Top of Data segment

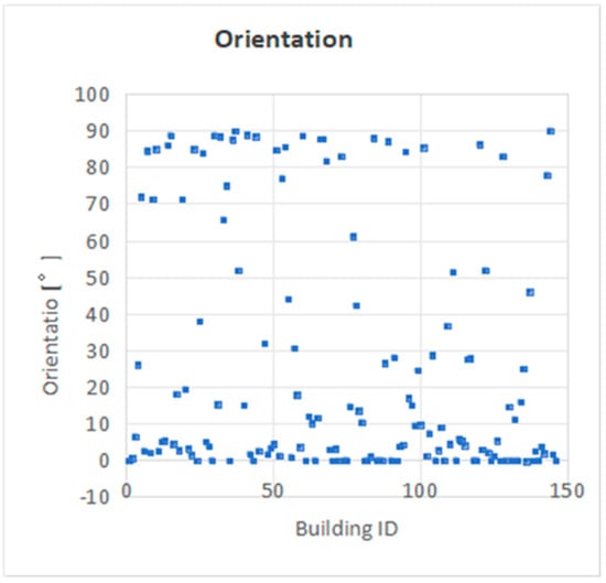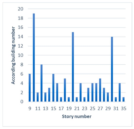 Figure 10, Figure 11 and Figure 12 show the 119 HotelOffice buildings’ geometry parameter distribution, including the number of stories, orientation, length (x factor) and width (y factor). Figure 10 shows that buildings with 10, 20, and 30 stories are the most common, with 19, 15, and 14 buildings, respectively. The orientation distribution of the 119 HotelOffice buildings is shown in Figure 11. The orientations of most buildings are close to 0° facing south or north. The distribution characteristics of building orientation align with the geographical features of southern China. Figure 12a,b shows the building geometry distribution. The median length and width of the HotelOffice buildings are 55.31 and 27.37 m. The length and width of the prototype HotelOffice building are 75.87 and 23.53 m; therefore, the median x factor and y factor are 0.73 and 1.16 according to Equations (4) and (5). The aspect ratio is the ratio of the building length to width.
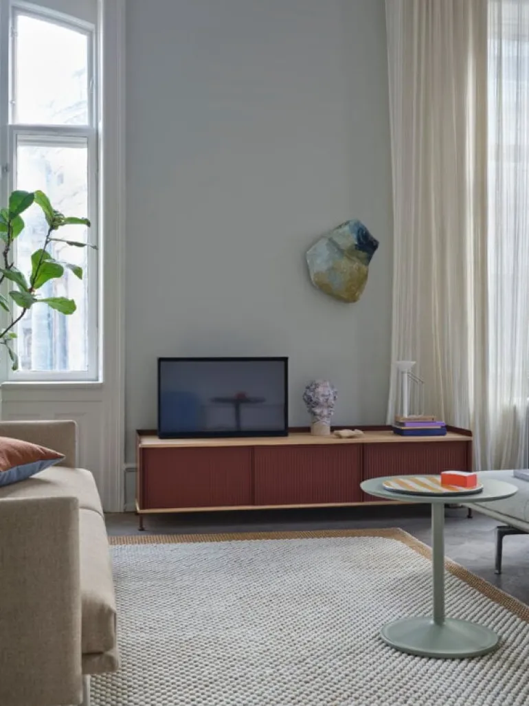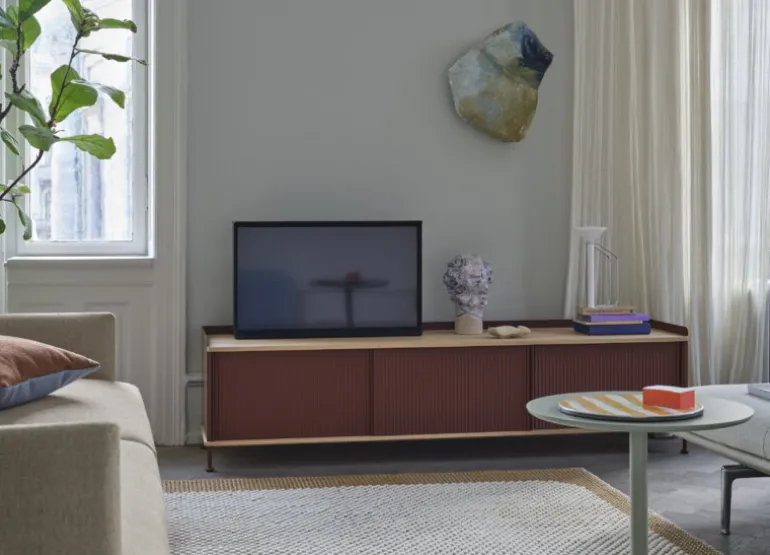 Sideboardet Enfold från Muuto utmärks av sin fina balans mellan industrianda och organiska detaljer. I sideboardet Enfold, designat av Thomas Bentzen, kombineras en botten- och toppskiva i massiv ek med skjutdörrar av pulverlackerat, veckat stål. Enfold utstrålar en lätthet som ger både hemmamiljön och kontoret ett fulländat intryck, och är lika lättmöblerad i vardagsrummet som i köket eller i hallen.
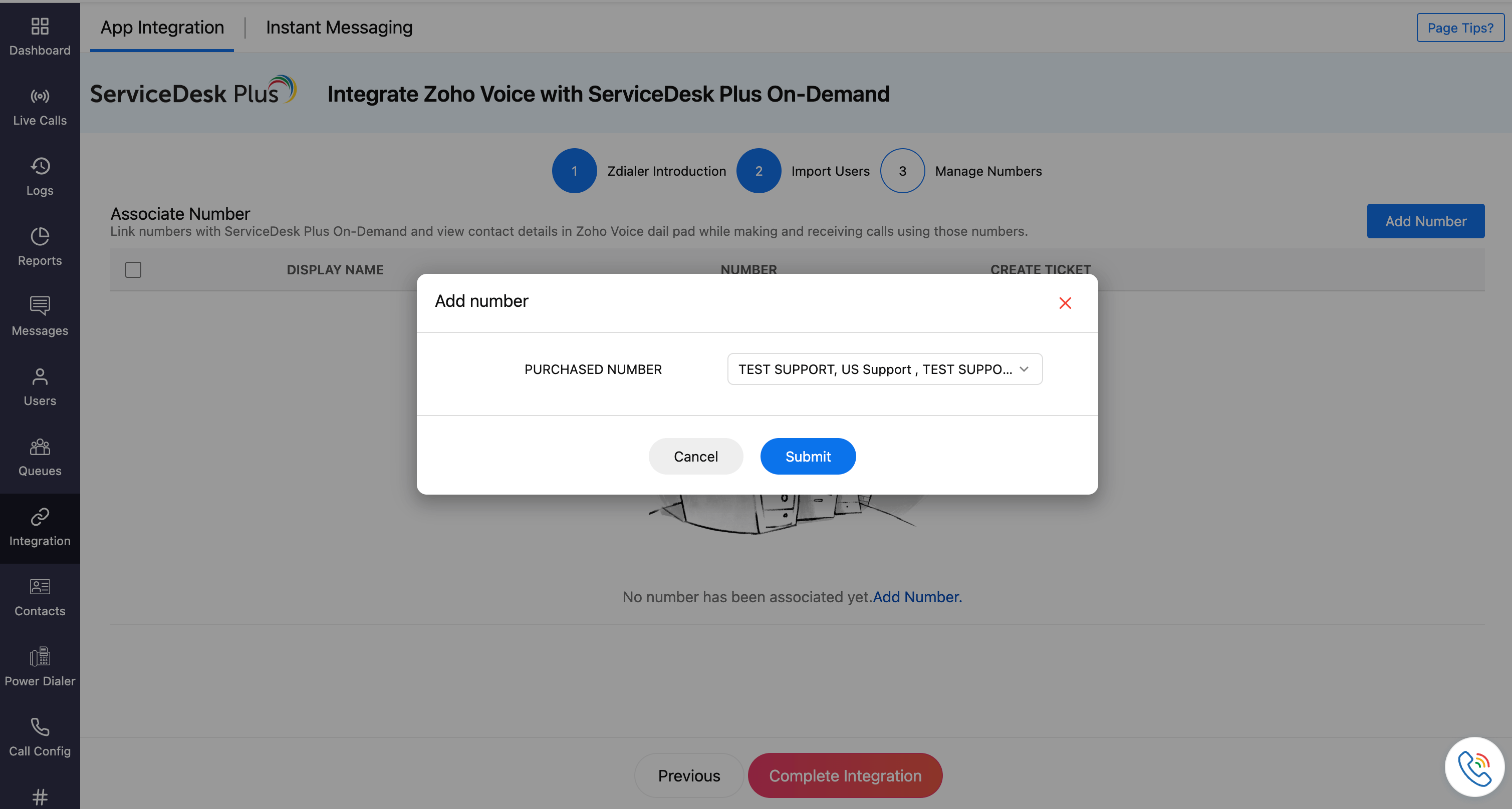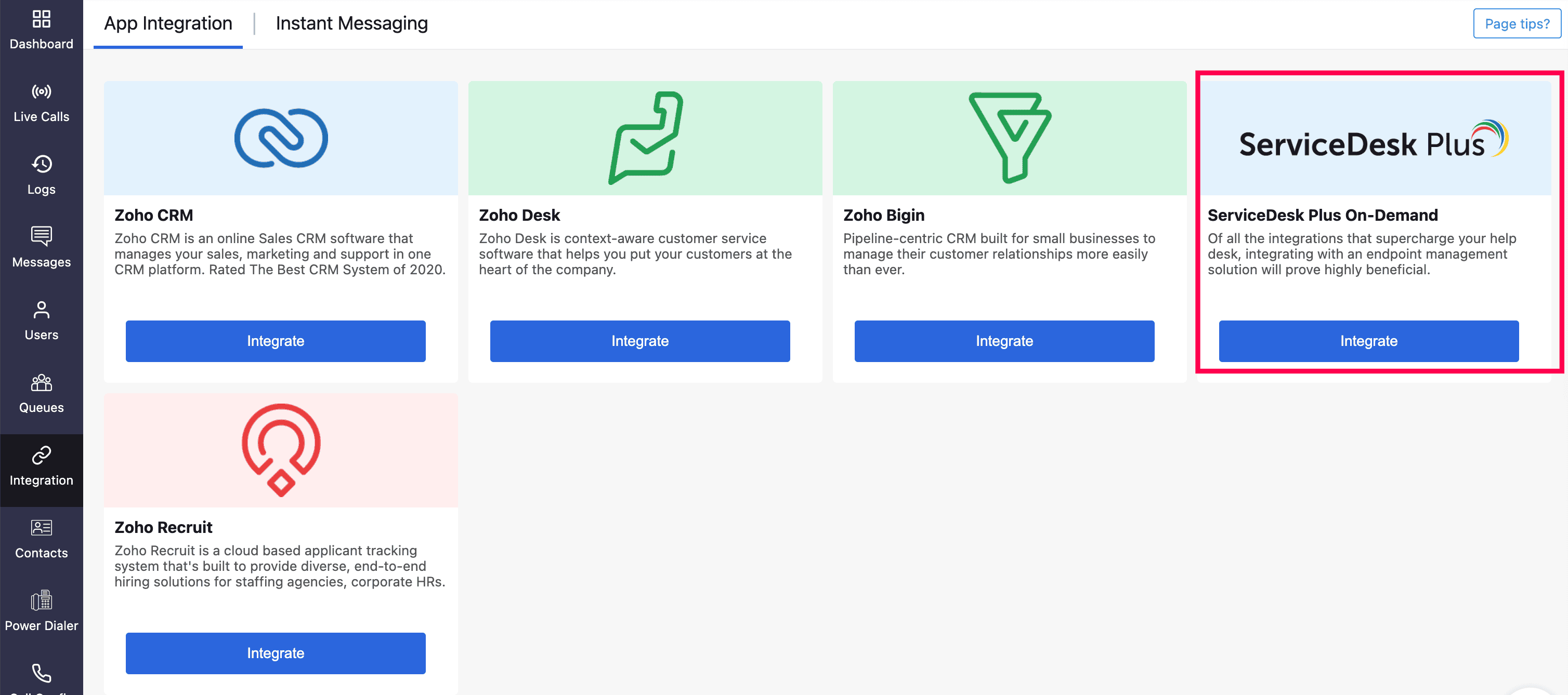Go to the Integration module, and click Integrate of ServiceDesk Plus On-Demand.

Bottom of Data segment

Exercise objective. The answer should contain all the material above, copied exactly, and no images.

Task response.
 Figure 10, Figure 11 and Figure 12 show the 119 HotelOffice buildings’ geometry parameter distribution, including the number of stories, orientation, length (x factor) and width (y factor). Figure 10 shows that buildings with 10, 20, and 30 stories are the most common, with 19, 15, and 14 buildings, respectively. The orientation distribution of the 119 HotelOffice buildings is shown in Figure 11. The orientations of most buildings are close to 0° facing south or north. The distribution characteristics of building orientation align with the geographical features of southern China. Figure 12a,b shows the building geometry distribution. The median length and width of the HotelOffice buildings are 55.31 and 27.37 m. The length and width of the prototype HotelOffice building are 75.87 and 23.53 m; therefore, the median x factor and y factor are 0.73 and 1.16 according to Equations (4) and (5). The aspect ratio is the ratio of the building length to width.
 Sideboardet Enfold från Muuto utmärks av sin fina balans mellan industrianda och organiska detaljer. I sideboardet Enfold, designat av Thomas Bentzen, kombineras en botten- och toppskiva i massiv ek med skjutdörrar av pulverlackerat, veckat stål. Enfold utstrålar en lätthet som ger både hemmamiljön och kontoret ett fulländat intryck, och är lika lättmöblerad i vardagsrummet som i köket eller i hallen.
Go to the Integration module, and click Integrate of ServiceDesk Plus On-Demand.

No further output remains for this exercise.